To do
Without including any pictures, retype exactly the lines from the top of the records through the line containing "Dedalus Blue marble", that final line included.

[Collected data entries]
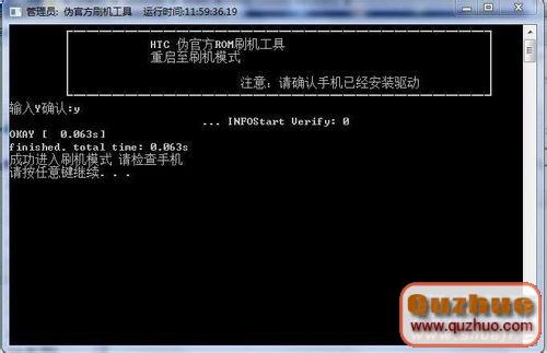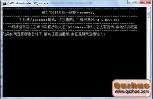 按任意鍵刷入Recovery。正在刷入Recovery中,請不要斷開USB數據線!
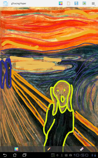 在螢幕上畫出像在寫生的圖畫。你可以將照片匯入畫布,並照著描繪(不修改原圖像),將畫好的圖案透過電子郵件傳送給朋友,或者用它來練習你的素描技巧。
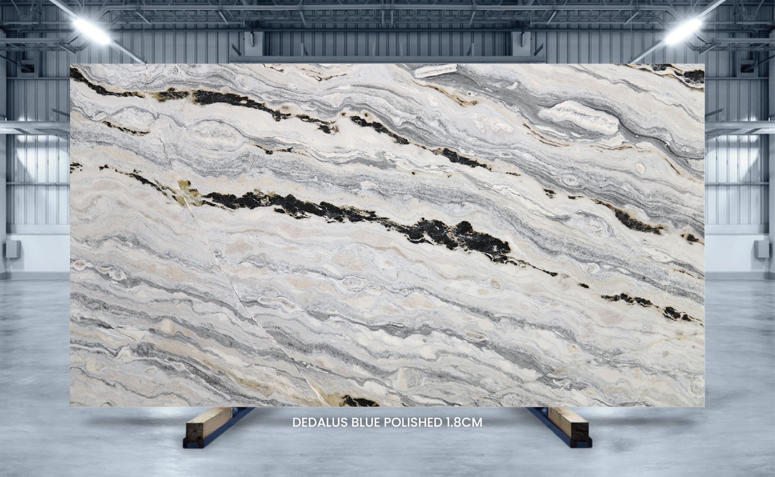 Dedalus Blue marble features striking contrasts of bluish-grey, black, and creamy white veins flowing across the slab. The stone evokes a sense of movement and depth through a perfect interplay of timeless, classic palettes. It is an excellent addition to contemporary fireplace surrounds, kitchen countertops, and accent walls. Bring a vibrant look to your spaces with this exotic piece of marble.
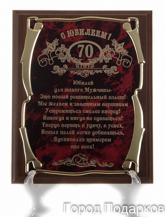 Элит плакетка наградная с юбилеем 70 лет! (муж.) золотая серия
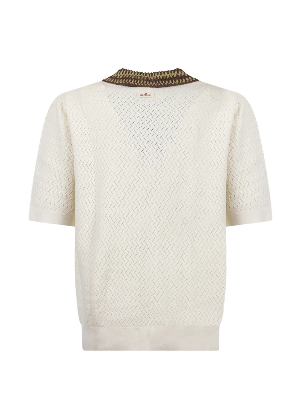 Tricou polo Drole De Monsieur Short-Sleeve bej, realizat din tricot ajurat, cu guler crosetat, inchidere partiala cu nasturi, maneci scurte si terminatii ribbed. Potrivit pentru sezonul primavara/vara. 100% bumbac.
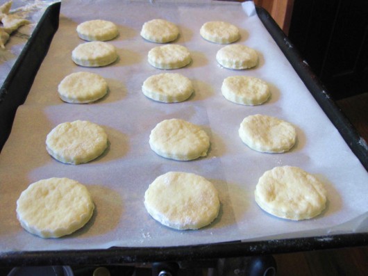 Arrange the biscuits about 1-inch apart on a baking sheet. You do not need to line the baking sheet with parchment, as I did. My baking sheet is too stained for photographs.
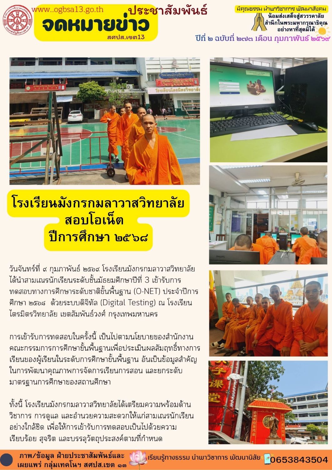 สอบ โอเน็ต ปีการศึกษา 2568 โรงเรียนวัดโพธิทัตราชวิทยาลัย
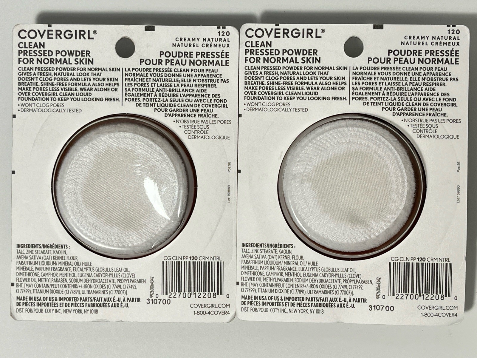 2x CoverGirl Clean Pressed Powder 120 CREAMY NATURAL Original TALC
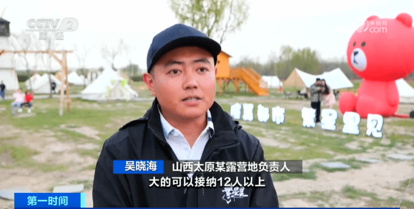 山西太原某露营地负责人 吴晓海:营地里一共38顶帐篷,大的可接纳12人以上,小的可以接纳6到8人,最大接待量在500人左右。目前预订已经排到了5天以后。

Exercise output
 按任意鍵刷入Recovery。正在刷入Recovery中,請不要斷開USB數據線!
 在螢幕上畫出像在寫生的圖畫。你可以將照片匯入畫布,並照著描繪(不修改原圖像),將畫好的圖案透過電子郵件傳送給朋友,或者用它來練習你的素描技巧。
 Dedalus Blue marble features striking contrasts of bluish-grey, black, and creamy white veins flowing across the slab. The stone evokes a sense of movement and depth through a perfect interplay of timeless, classic palettes. It is an excellent addition to contemporary fireplace surrounds, kitchen countertops, and accent walls. Bring a vibrant look to your spaces with this exotic piece of marble.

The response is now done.